* _ENTRIES SHOWN_:

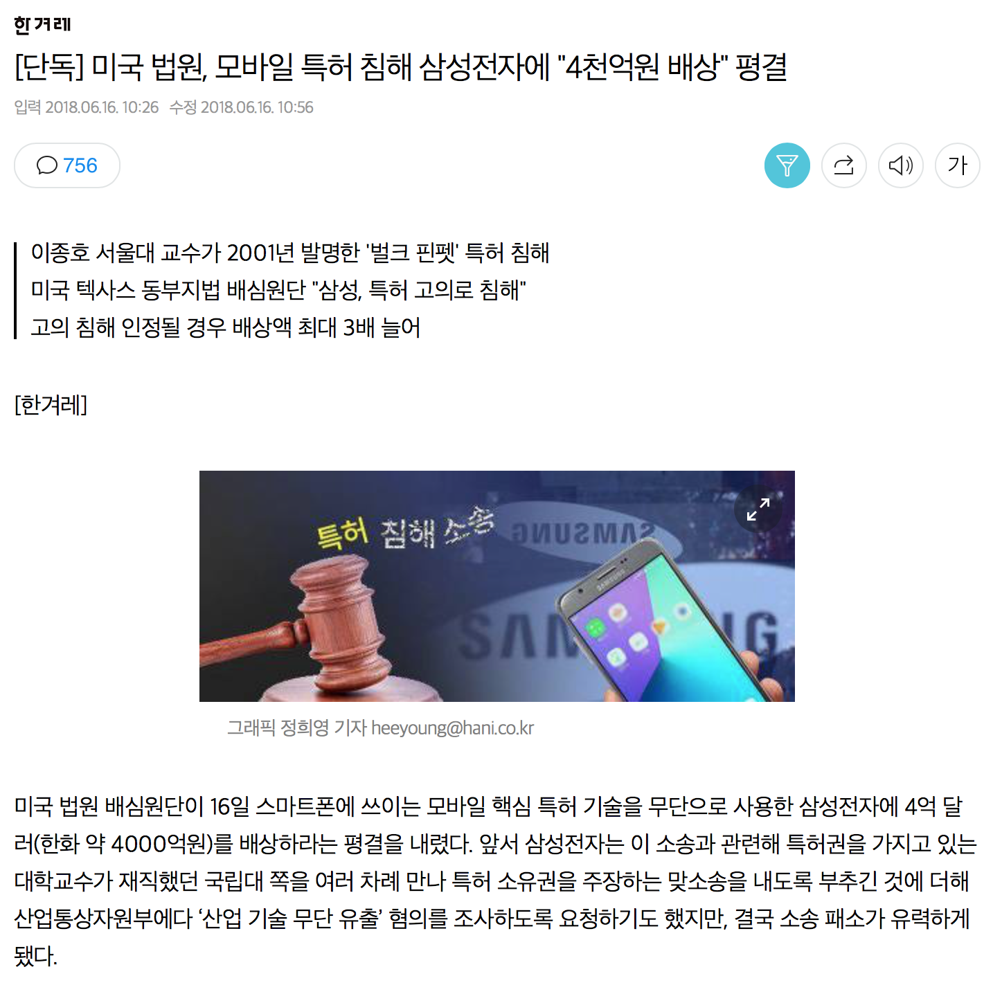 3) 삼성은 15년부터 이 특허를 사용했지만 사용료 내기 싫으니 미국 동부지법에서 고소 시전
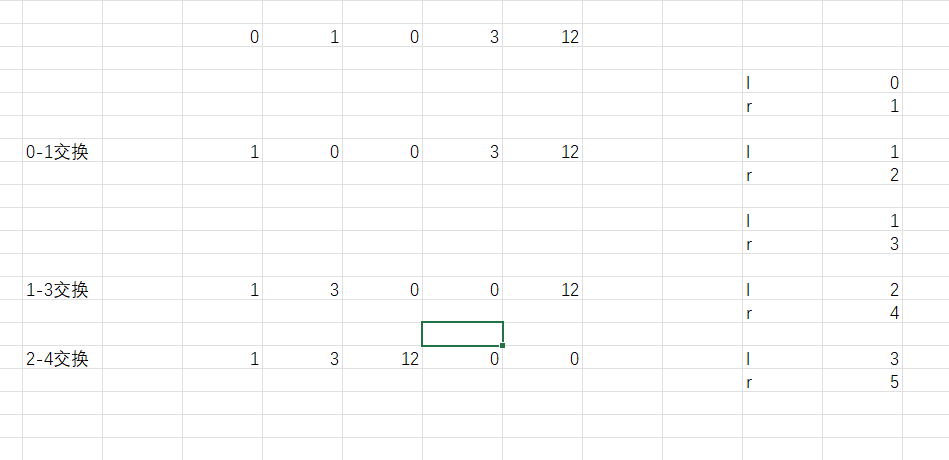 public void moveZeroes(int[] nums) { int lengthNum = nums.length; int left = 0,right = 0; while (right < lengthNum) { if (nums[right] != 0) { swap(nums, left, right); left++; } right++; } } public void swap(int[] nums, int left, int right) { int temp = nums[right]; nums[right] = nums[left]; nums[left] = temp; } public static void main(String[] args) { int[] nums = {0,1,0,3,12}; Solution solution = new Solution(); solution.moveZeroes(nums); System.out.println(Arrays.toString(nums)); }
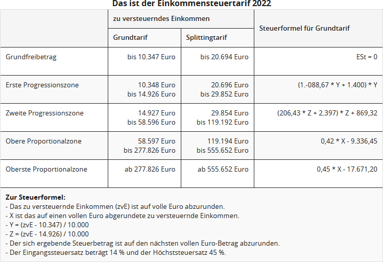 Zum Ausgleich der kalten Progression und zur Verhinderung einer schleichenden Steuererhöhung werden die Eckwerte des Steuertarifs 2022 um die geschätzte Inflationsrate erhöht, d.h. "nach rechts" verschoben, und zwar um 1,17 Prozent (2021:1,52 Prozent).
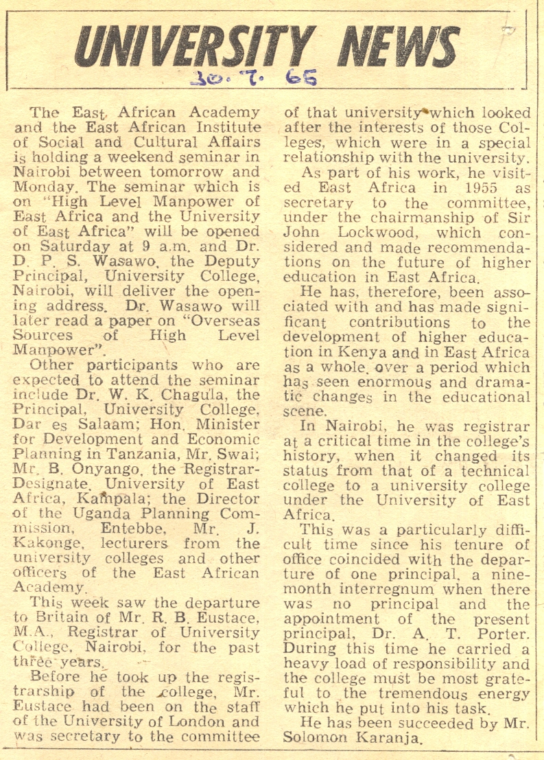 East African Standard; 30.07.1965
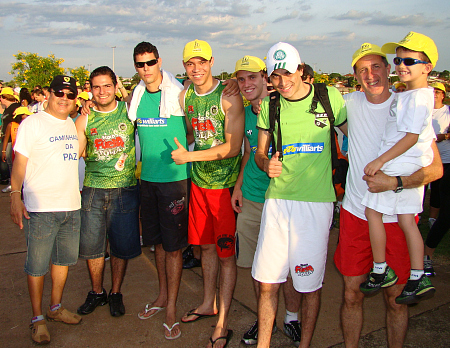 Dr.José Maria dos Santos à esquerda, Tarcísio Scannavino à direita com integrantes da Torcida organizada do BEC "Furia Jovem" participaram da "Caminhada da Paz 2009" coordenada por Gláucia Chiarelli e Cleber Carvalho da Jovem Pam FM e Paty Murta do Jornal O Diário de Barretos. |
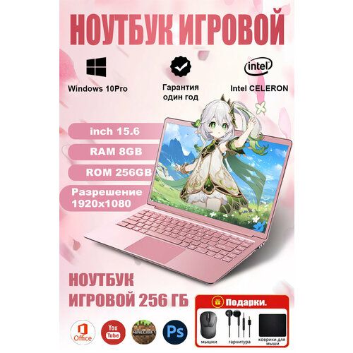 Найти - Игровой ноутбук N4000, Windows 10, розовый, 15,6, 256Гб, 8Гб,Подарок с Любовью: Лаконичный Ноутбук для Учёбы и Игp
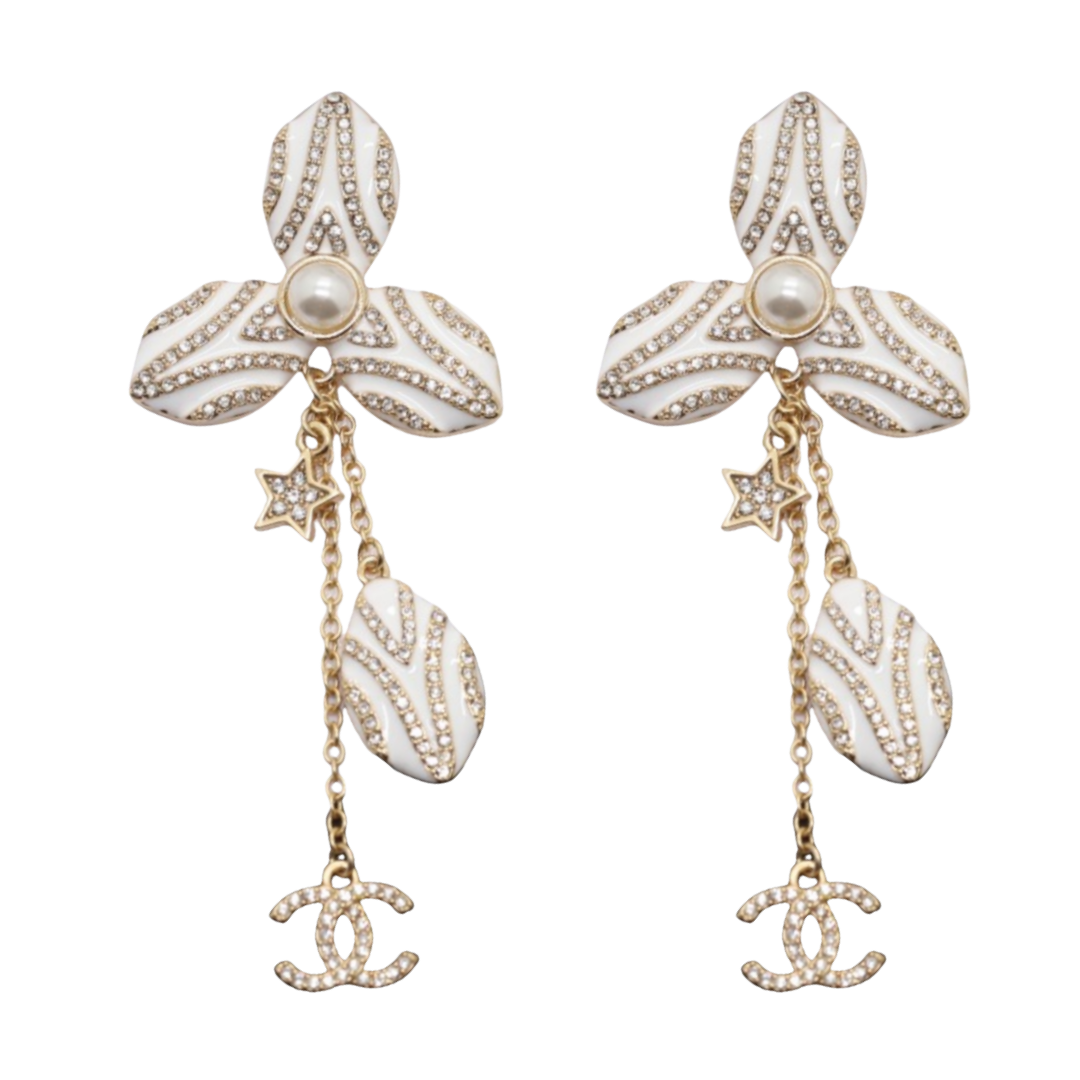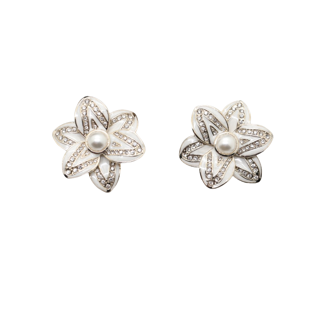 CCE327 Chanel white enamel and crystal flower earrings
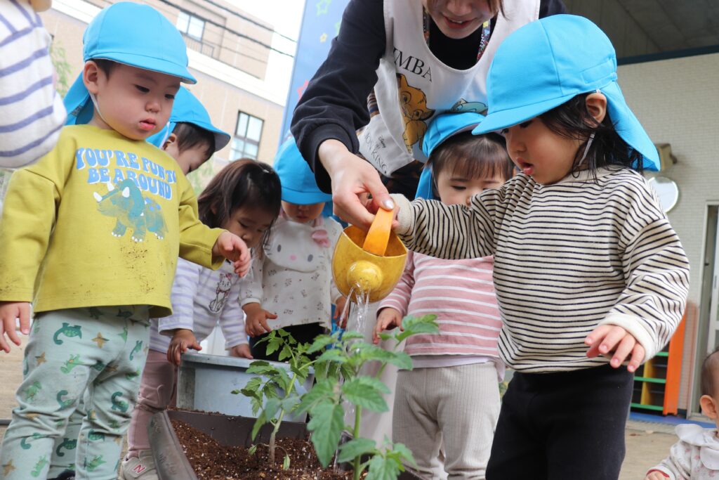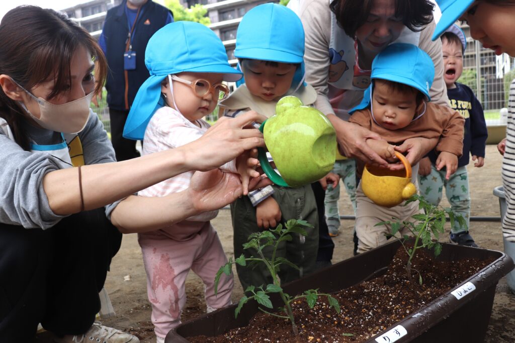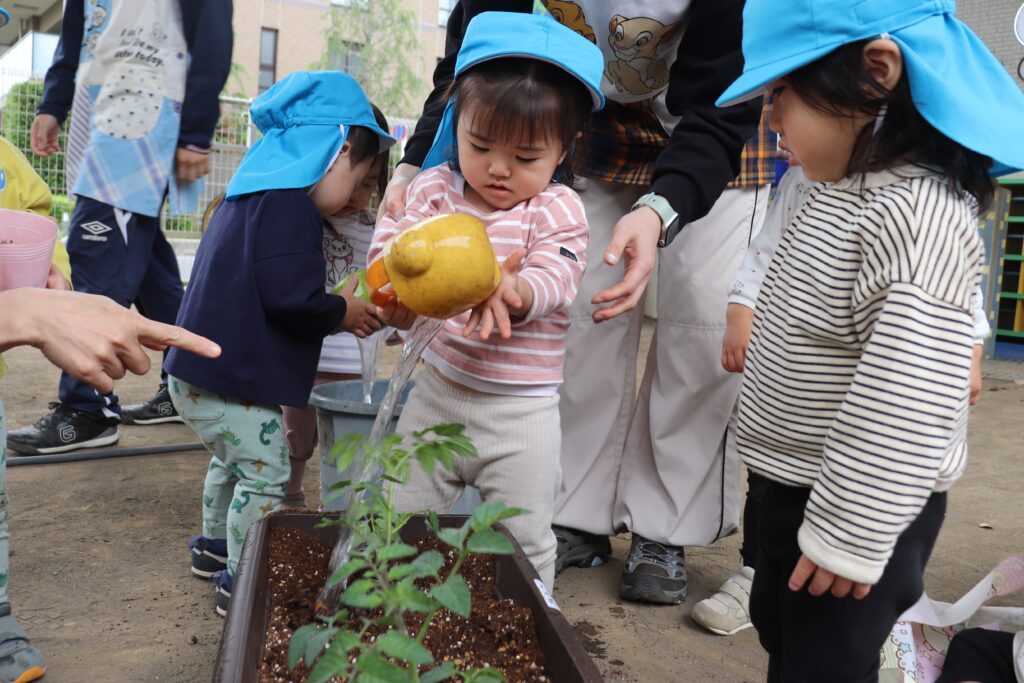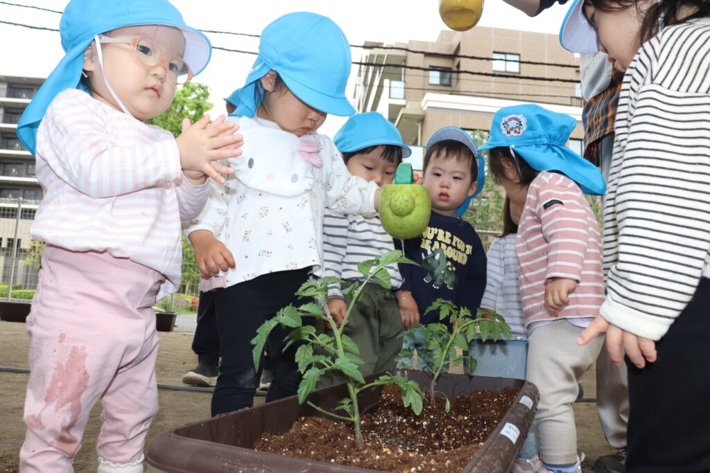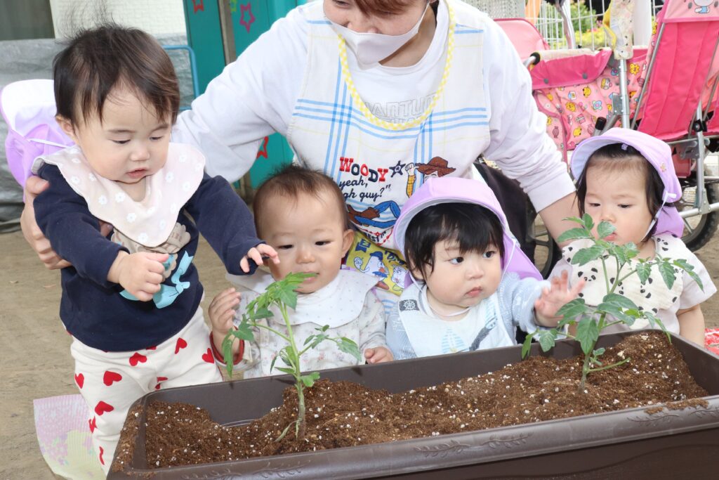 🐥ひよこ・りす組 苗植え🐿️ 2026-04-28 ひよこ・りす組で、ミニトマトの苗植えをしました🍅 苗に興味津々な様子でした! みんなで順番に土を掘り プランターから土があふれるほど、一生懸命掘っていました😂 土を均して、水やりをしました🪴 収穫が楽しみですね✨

* _PROMPT_: Among the entries above, locate the line with "public void moveZeroes(int[]" and the line with "Dr.José Maria dos". Give those two lines and all lines between them again, exactly, leaving out the pictures.

* _RESULT OF THIS TASK_:
 public void moveZeroes(int[] nums) { int lengthNum = nums.length; int left = 0,right = 0; while (right < lengthNum) { if (nums[right] != 0) { swap(nums, left, right); left++; } right++; } } public void swap(int[] nums, int left, int right) { int temp = nums[right]; nums[right] = nums[left]; nums[left] = temp; } public static void main(String[] args) { int[] nums = {0,1,0,3,12}; Solution solution = new Solution(); solution.moveZeroes(nums); System.out.println(Arrays.toString(nums)); }
 Zum Ausgleich der kalten Progression und zur Verhinderung einer schleichenden Steuererhöhung werden die Eckwerte des Steuertarifs 2022 um die geschätzte Inflationsrate erhöht, d.h. "nach rechts" verschoben, und zwar um 1,17 Prozent (2021:1,52 Prozent).
 East African Standard; 30.07.1965
 Dr.José Maria dos Santos à esquerda, Tarcísio Scannavino à direita com integrantes da Torcida organizada do BEC "Furia Jovem" participaram da "Caminhada da Paz 2009" coordenada por Gláucia Chiarelli e Cleber Carvalho da Jovem Pam FM e Paty Murta do Jornal O Diário de Barretos. |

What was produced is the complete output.